DAC Audio Codec – Fine-Tuned on LibriSpeech

This is a fine-tuned version of Descript Audio Codec (DAC). Fine-tuning was done using a fork of the original code and 960 hours of LibriSpeech dataset.

Model Details

  • Architecture: Descript Audio Codec
  • Framework: PyTorch
  • Trained on: LibriSpeech (960 hours)
  • Input: 16 kHz mono audio
  • Output: Reconstructed audio waveform
  • Temporal compression rate: $320$, i.e. $1$ seconds results in $50$ frames.

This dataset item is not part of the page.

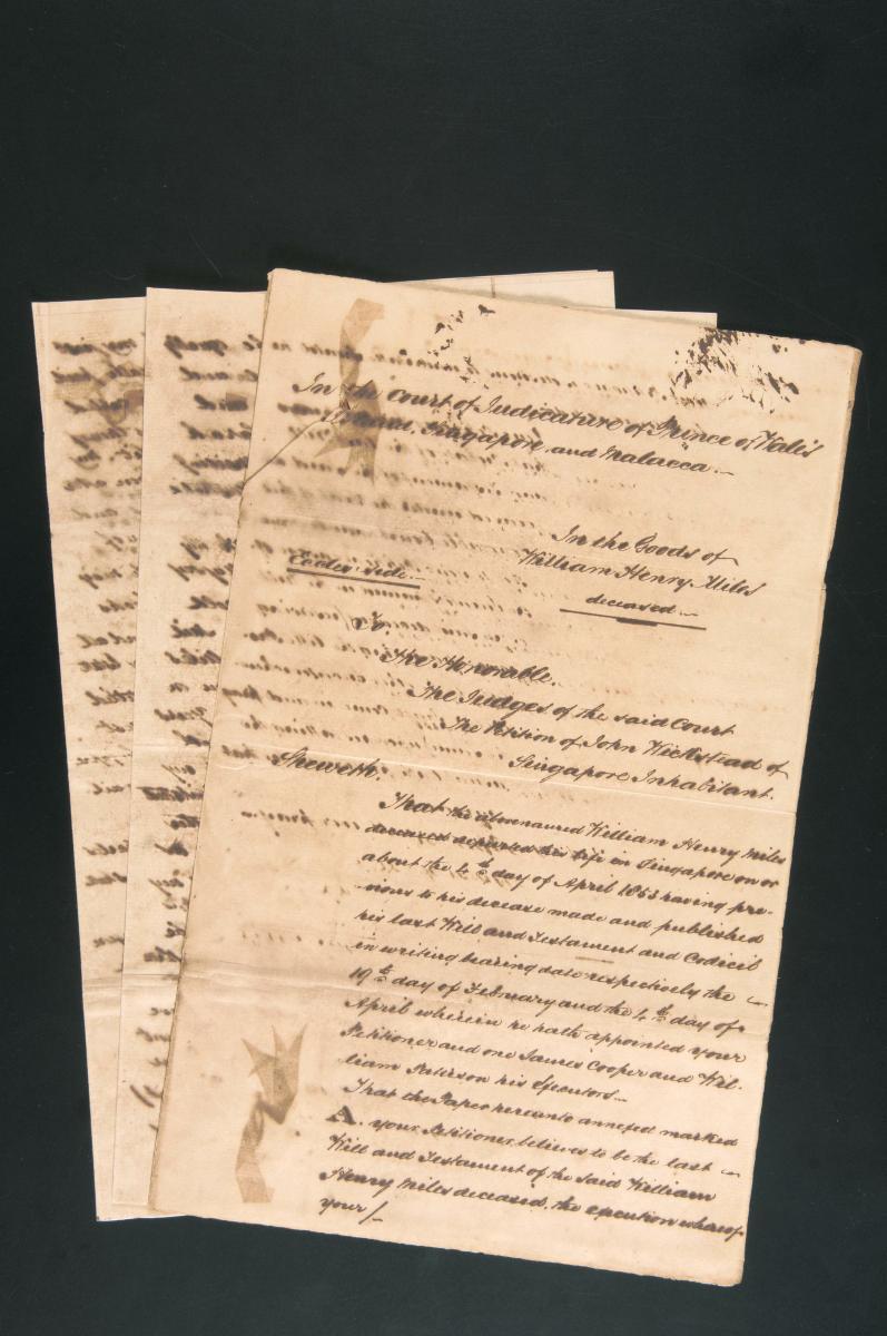 This is an account of the monies received by the petitioners (Pakeam and Logan) from the estate of Henry Charles Gladwell, in relation to the suit between Pakeam and Logan and Leby Henry Gottlieb. It is part of a collection of legal documents from the 19th and early 20th centuries which provides a glimpse into the work of the notable personalities who left their mark on Singapore’s legal history, and the economic and other transactions undertaken by ordinary immigrants in 19th century Singapore that tell stories of misfortune and indebtedness which would otherwise have disappeared from history.

Three versions are provided:

  • 16x16_128: DAC with encoded representation of size 256 with 16 codebooks of size 256, resulting in $2^{8\cdot16}=2^{128}$ possible representations and $6.4$ kbps.
  • 16x16_130: DAC with encoded representation of size 256 with 13 codebooks of size 1024, resulting in $2^{10\cdot13}=2^{130}$ possible representations and $6.5$ kbps.
  • 24x24_128: DAC with encoded representation of size 576 with 16 codebooks of size 256, resulting in $2^{8\cdot16}=2^{128}$ possible representations and $6.4$ kbps.

Files Included

Each version contains "latest" (250k steps) and "best" (best validation loss) checkpoints.

File Description
weights.pth Model weights (PyTorch state_dict)
metadata.pth Logs (optional)
README.md This file

Example Usage

import torch
import dac

# Load model
weights = torch.load("weights.pth")
model = dac.DAC.load(weights)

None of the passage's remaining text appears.